[ Fall 2011 ]
Interview with John McDonough
John McDonough, HSPH professor of the practice of public health, was a senior adviser on the U.S. Senate committee responsible for developing the Patient Protection and Affordable Care Act, the landmark health care reform plan that President Barack Obama signed into law in March 2010. A former Massachusetts state legislator and executive director of the advocacy group Health Care for All, McDonough recently spoke with the Review about the revolutionary law, which he compares to the Social Security Act of 1935 and the Medicare and Medicaid Act of 1965. His new book is Inside National Health Reform.
Q: What are the biggest myths and misconceptions about the Patient Protection and Affordable Care Act?
A: A significant number of people believe that there are death panels in the law. And many believe that when the big expansions and the individual mandate take effect in 2014, they are going to have to give up their employer-sponsored insurance and buy individual coverage on their own. Both assumptions are absolutely untrue.
Q: How does American public opinion break down on health care reform?
A: About half of the public—mainly Republicans—says that the law should either be completely repealed or substantially repealed. About half—mainly Democrats—says the law should be kept as is or strengthened.
Q: Does that suggest Americans have different core beliefs about the issue?
A: There is a broad shared sense—actually, bipartisan—that we spend much more on health care services than we would need to if we had an efficient, effective health care system. The difference is how to do that. For example, Democrats wanted to reduce Medicare spending by $450 billion over ten years and use those proceeds to pay for expanding coverage to the uninsured. Republicans don’t mind cutting Medicare by $450 billion—but they wanted to use the money for tax cuts. It’s not an argument over facts or data. It’s an argument, fundamentally, over values.
Q: How did health care spending spin out of control?
A: If you go back to before the 1980s and look internationally at health spending as a percentage of gross national product, you find that the United States is expensive—but bunched among the leading nations. Not until the early 1980s did we become an outlier. We took off and grew at a much faster clip than all of the other industrialized countries.
That may be because, in the 1980s, the U.S. embraced with gusto this ethos that market competition would fix our health care system. At the state and federal levels, we abandoned different kinds of regulation and instead embraced “competition.” The idea was that it would drive down costs and create better value. But it didn’t.
Q: In your mind, what’s the best health care system in the world?

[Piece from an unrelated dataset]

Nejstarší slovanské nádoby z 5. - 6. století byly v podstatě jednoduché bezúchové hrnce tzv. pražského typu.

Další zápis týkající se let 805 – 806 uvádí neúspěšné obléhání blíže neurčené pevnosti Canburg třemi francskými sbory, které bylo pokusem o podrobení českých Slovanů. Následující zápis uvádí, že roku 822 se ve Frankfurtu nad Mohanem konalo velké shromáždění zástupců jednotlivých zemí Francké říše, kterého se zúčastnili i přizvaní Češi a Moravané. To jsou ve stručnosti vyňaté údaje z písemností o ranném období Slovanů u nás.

A: My best of all possible worlds is something like the French system. In terms of public satisfaction, the French are near the top. They spend only about 10 percent of their national income on health care services—very reasonable, by international standards. It’s one of the most effective and efficient and high-quality systems in the world. Everybody is covered. There is complete choice of providers. And even though France spends a lot less money per person than we do, they have more physicians, more hospitals, and more hospital beds per capita. Like many other national health care systems that work, the French system is coherent and cohesive in terms of its financing, workforce planning, access to care, and accountability. All those parts work together toward the common goal of delivering quality health care.
Q: How will we pay for the new national law?
A: The law gets paid mostly through two buckets. One bucket is ten years of changes in the Medicare program, which is going to generate about $450 billion in savings to the Federal Treasury. For example, the hospital industry agreed to give up $155 billion in revenue that they would otherwise obtain from the Medicare program—they figured that if insurance coverage went up in the U.S., they would eventually recoup the loss. Same deal with the home health industry and others. The other bucket is new taxes and assessments on higher-income individuals, new fees on pharmaceutical companies and medical device makers, and a fee on insurance companies.
Q: What’s an especially effective provision in the new law?
A: One of my favorite provisions in the law is a 10 percent tax on the use of indoor tanning services. When Senate Majority Leader Harry Reid brought out his version of the bill, initially there was no indoor tanning tax. Instead, there was a tax on elective cosmetic surgery that became known as the “Bo-Tax.” It was met with shrieks of anger from many consumers—particularly women—who felt that it was discriminatory, as well as strong opposition from the American Society of Dermatologists.
In the final version, the “Bo-Tax” was removed. At the last minute, the Senate substituted a tax on indoor tanning services. In recent years, we’ve seen an explosion in skin cancer diagnoses such as melanoma, especially among women between the ages of 15 and 35. From a public health standpoint, that’s one of the most defensible measures in the law.
Thea Singer is a Boston-based science journalist and author.